Reactive computation graphs are always directed. They flow in only one way. Some graphs are Directed Acyclic Graphs - DAG - like this one:
On this diagram the nodes represent computations, and the edge the link between computations.
Some graphs may also be Cycle Graphs like this one:
Cycle graphs are very common when writing a fully reactive application. Most of the time the major part of an application graph is acyclic, and a sub-part may have cycles.
ReactiveX is the most popular implementation of Reactive Programming libraries. One reason is that it was one of the firsts reactive libraries. It was initially developed by Microsoft for the .net platform. Since 2012 the code is open source, and has been ported to more than 20 programming languages.

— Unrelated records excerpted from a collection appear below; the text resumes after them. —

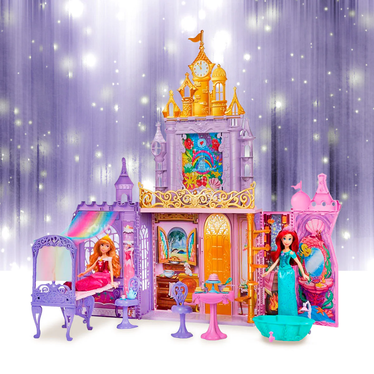 - Descubre la magia del Castillo Fold N Go Portátil de Princesas Disney, un reino de fantasía en un vibrante tono morado que captura la esencia de los cuentos de hadas.
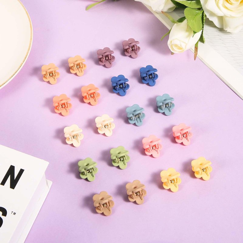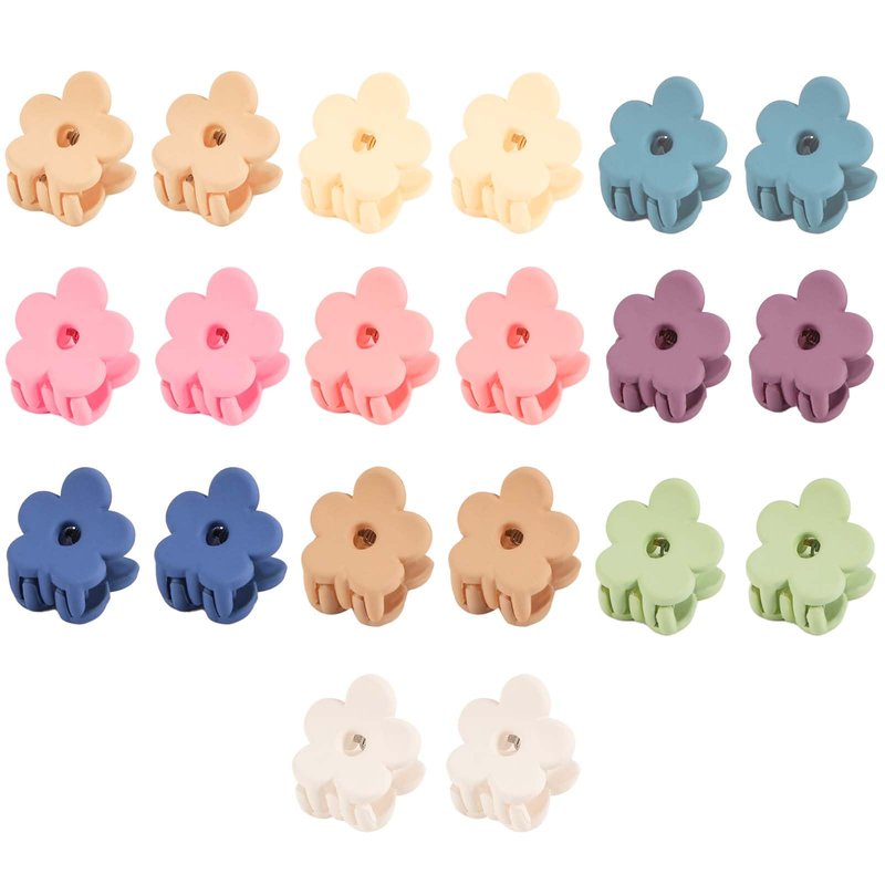20pcs Mini Flower Hair Clips for Girls, Cute Small Flower Claw Clips Tiny Hair Accessories for Baby Women Thin Thick Hair (10 Colors)
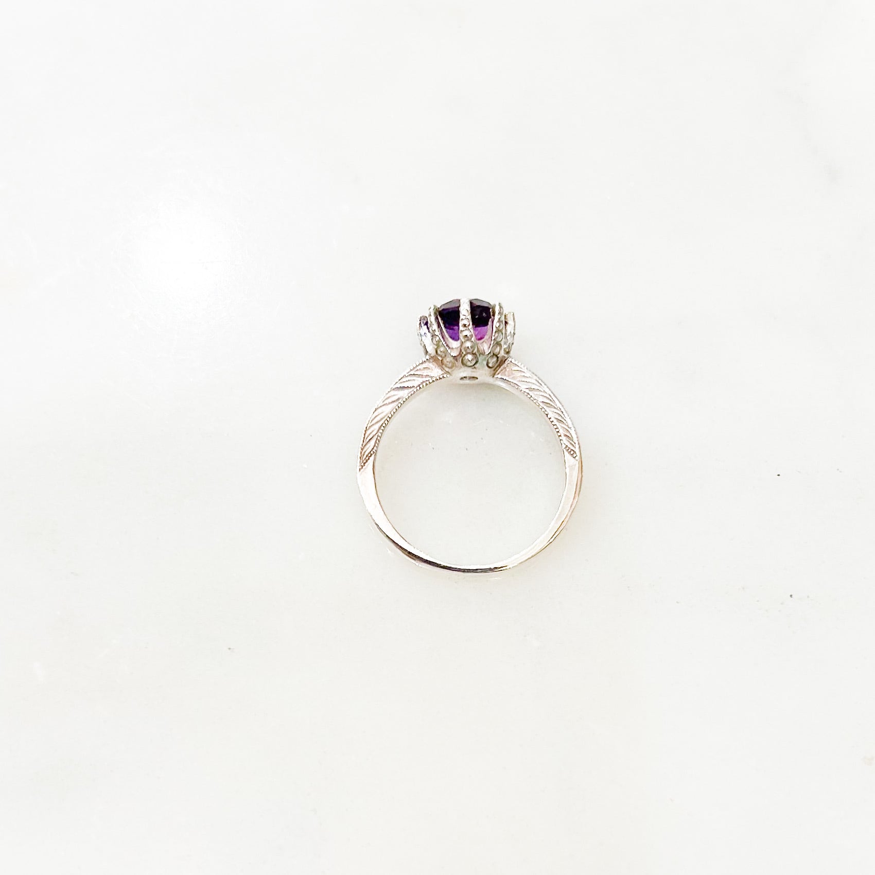 8本の爪でアメジストを留めた彫りの施された細い腕のシルバーリング
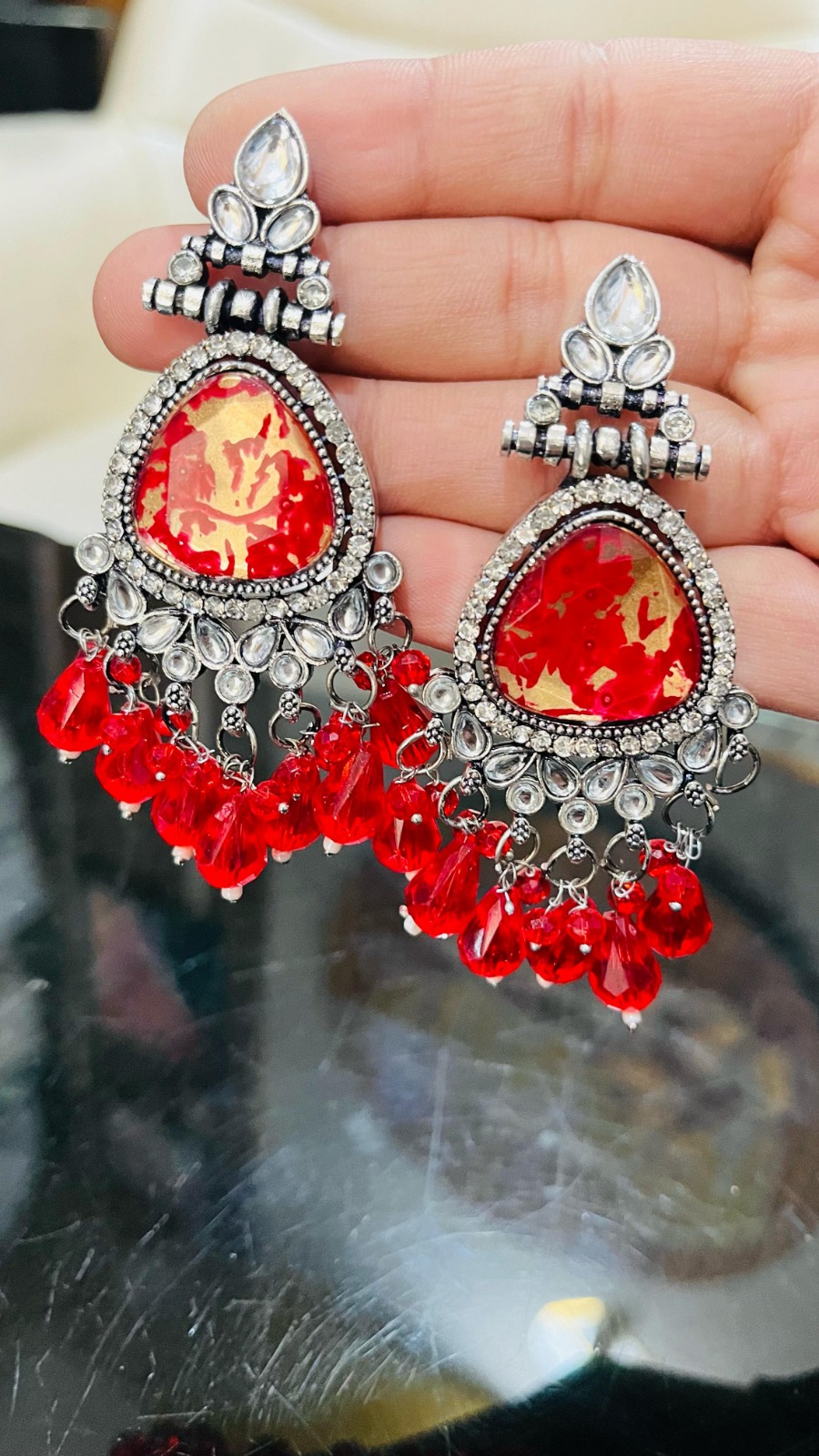 Red Exquisite Kundan Polki Chandbali Earrings with Pearl & Hydro Dangle Drops for Women
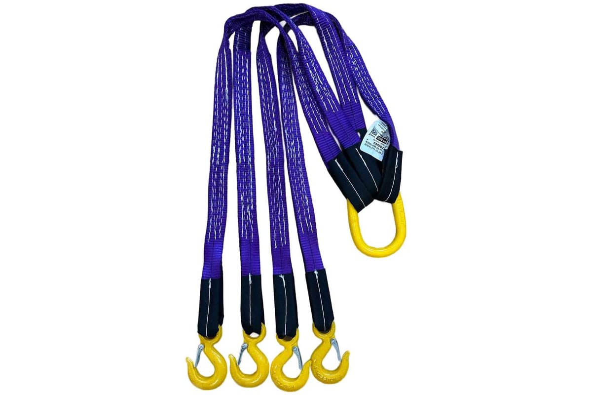 Строп текстильный четырехветвевой 4СТ изготавливается из плоской полиэстеровой ленты с петлевыми окончаниями (огонами) с использованием подъемного звена.

The python implementation of ReactiveX is RxPY. The library is available on pypi and can be installed with pip:
pip3 install rx
Observable, Observer, Operator
The foundation of ReactiveX is based on only few key principles described in the Observable Contract. Once you understand these principles, you will clearly understand the behavior of any ReactiveX code.
The base entity in ReactiveX is the Observable. An Observable is an entity that is a source of items. Item is the ReactiveX term for an event. You can consider that an Observable is a stream of event.
The second entity is the Observer. An Observer is the entity that subscribes to Observers, so that it can process items as they are emitted. The subscription to an Observable is explicit. This means that an Observable does not emit items until an Observer subscribes to it. When an Observable is created, no data flow occurs. The data flow starts at subscription time, not at creation time.
We can then combine an Observer and an Observable to create an Operator. An operator subscribes to a source Observable, applies some transformations to the incoming items, and emits new items on another Observable.
This is all you need to understand how ReactiveX works ! We will go in more details in the following paragraphs, but it all ends up to understanding these four notions: Observable, Observer, Subscription, Operator.
Marble Diagrams
A picture is worth a thousand words.
This is the motto of marble diagrams: A by example way to represent the behavior of an operator. You will find such diagrams almost everywhere in documentations. Consider the map operator. This operator takes items from a source Observable, applies a transformation function, and returns a sink observable with the transformation function applied on source items. This is a very simple behavior, but rather verbose to explain in plain English. The marble diagram of the map operator is an easier way to explain this, and also an intuitive way to understand how ReactiveX works:
There are three parts in this diagram:
- The top arrow represents the source observable: When being subscribed, this source Observable emits the numbers 1 to 4.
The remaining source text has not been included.